> **Task requirements**
Retype word for word the stretch of entries below from the line that has "白寿の湯の料理長が旬の魚を日" through the line that has "Vue panoramique sur", and omit the pictures.

> **Provided entries**
BEGIN
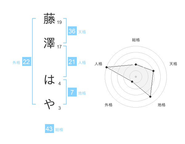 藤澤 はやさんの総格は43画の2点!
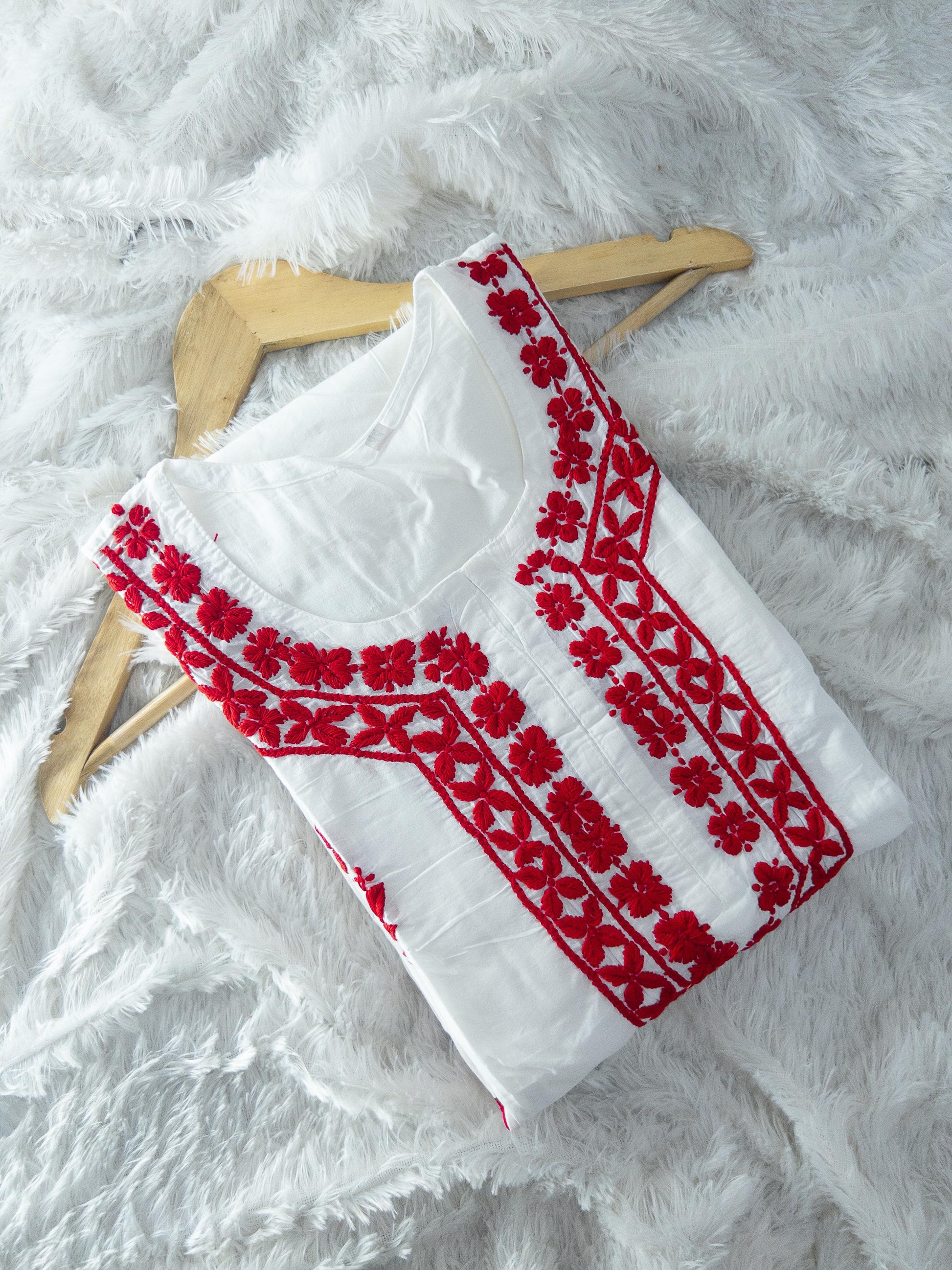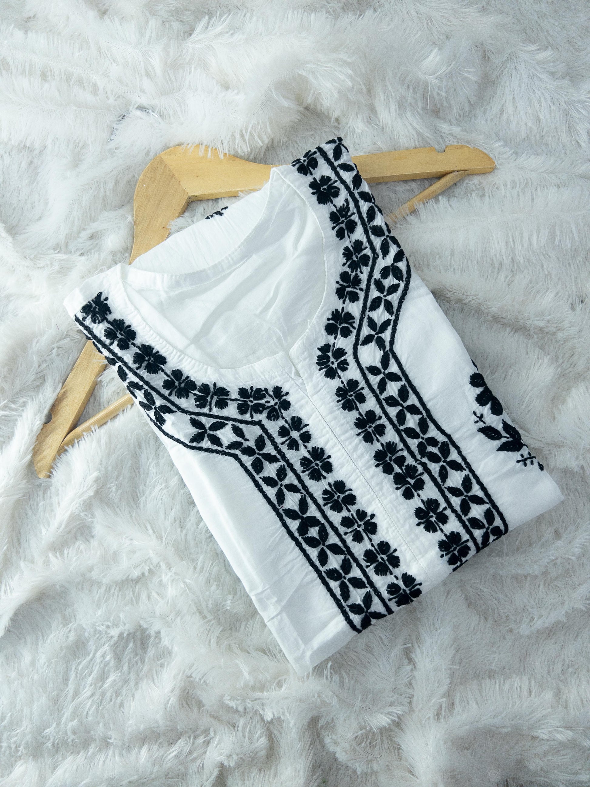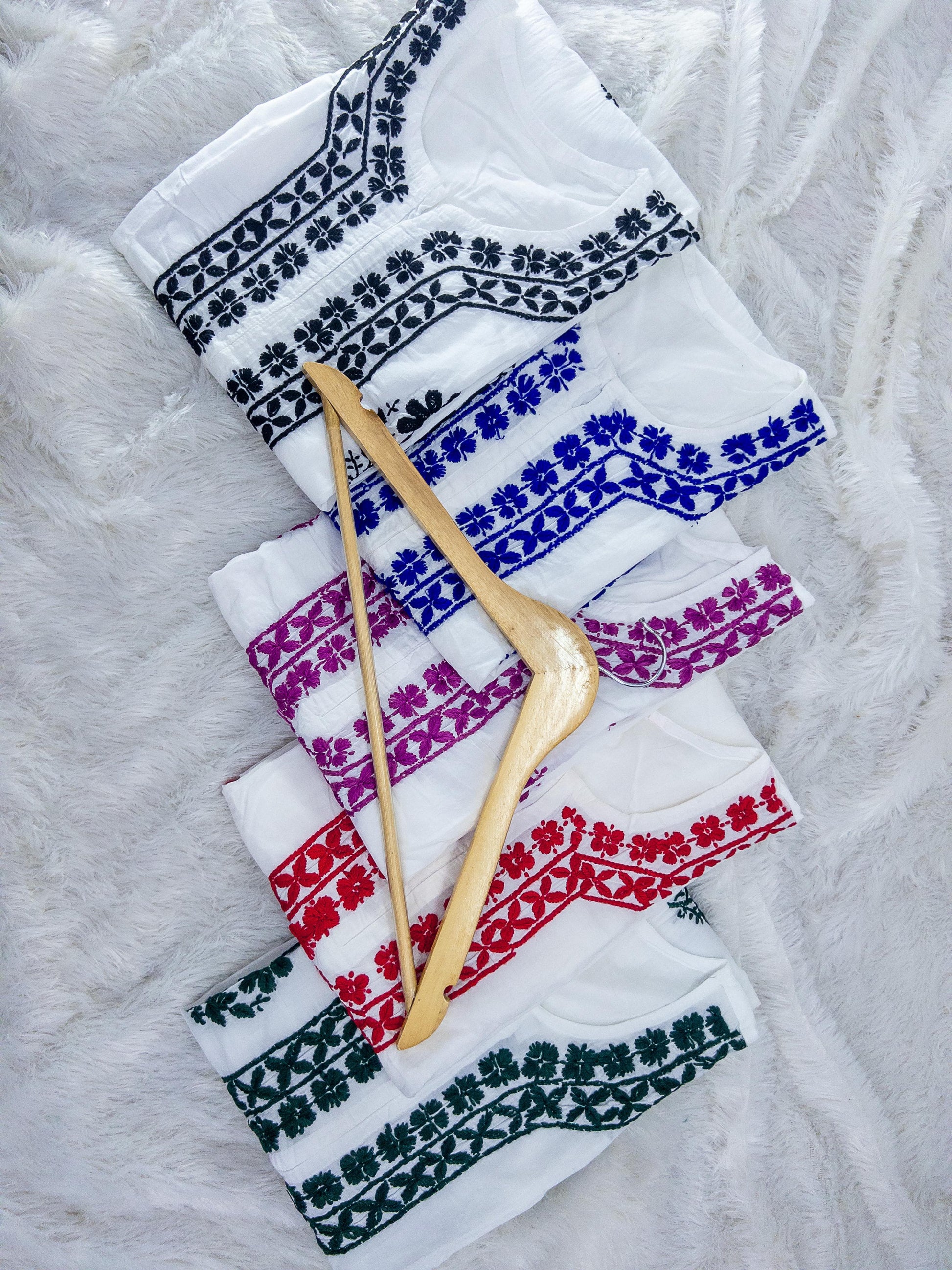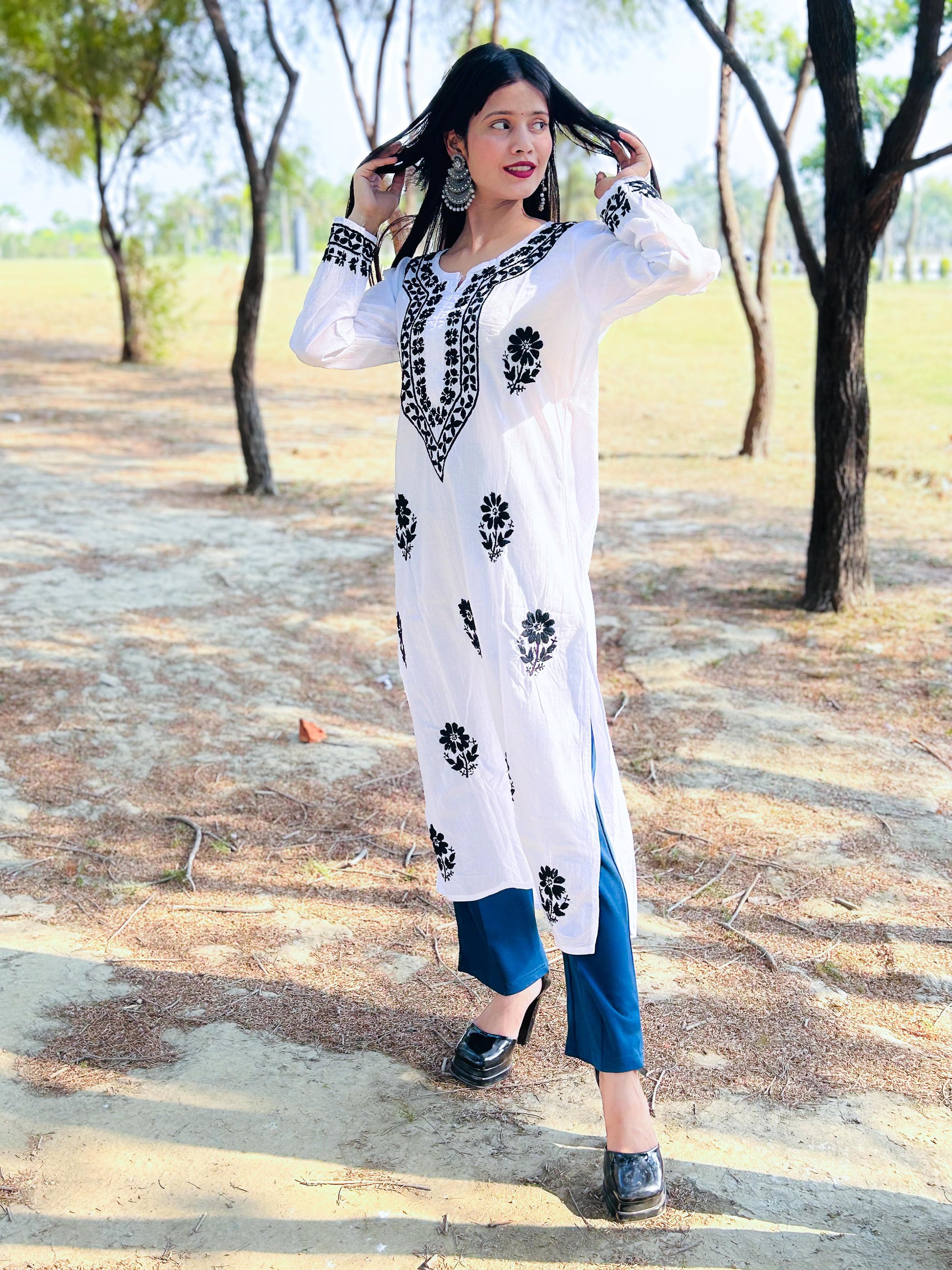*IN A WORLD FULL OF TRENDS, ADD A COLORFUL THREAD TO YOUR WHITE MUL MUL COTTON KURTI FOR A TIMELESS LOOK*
END
BEGIN
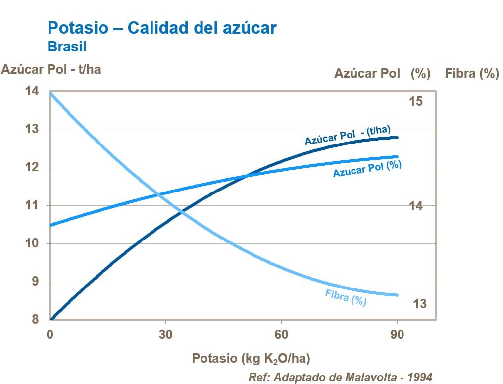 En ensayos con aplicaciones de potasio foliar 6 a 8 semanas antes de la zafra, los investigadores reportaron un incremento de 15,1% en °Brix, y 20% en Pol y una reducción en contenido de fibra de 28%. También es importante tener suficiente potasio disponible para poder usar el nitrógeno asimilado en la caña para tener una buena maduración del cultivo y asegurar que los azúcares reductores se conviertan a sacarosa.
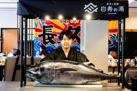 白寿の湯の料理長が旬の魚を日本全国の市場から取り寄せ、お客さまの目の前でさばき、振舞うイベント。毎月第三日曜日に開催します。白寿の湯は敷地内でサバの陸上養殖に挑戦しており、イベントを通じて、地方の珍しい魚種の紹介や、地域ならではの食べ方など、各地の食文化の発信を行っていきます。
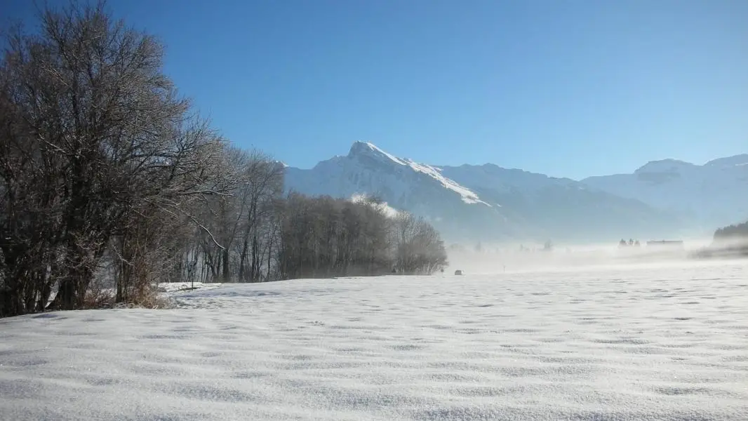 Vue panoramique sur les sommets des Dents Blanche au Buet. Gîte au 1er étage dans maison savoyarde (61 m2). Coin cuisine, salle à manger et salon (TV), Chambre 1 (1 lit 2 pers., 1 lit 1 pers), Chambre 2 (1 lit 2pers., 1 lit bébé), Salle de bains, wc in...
END
> **Solution to the exercise**
 白寿の湯の料理長が旬の魚を日本全国の市場から取り寄せ、お客さまの目の前でさばき、振舞うイベント。毎月第三日曜日に開催します。白寿の湯は敷地内でサバの陸上養殖に挑戦しており、イベントを通じて、地方の珍しい魚種の紹介や、地域ならではの食べ方など、各地の食文化の発信を行っていきます。
 Vue panoramique sur les sommets des Dents Blanche au Buet. Gîte au 1er étage dans maison savoyarde (61 m2). Coin cuisine, salle à manger et salon (TV), Chambre 1 (1 lit 2 pers., 1 lit 1 pers), Chambre 2 (1 lit 2pers., 1 lit bébé), Salle de bains, wc in...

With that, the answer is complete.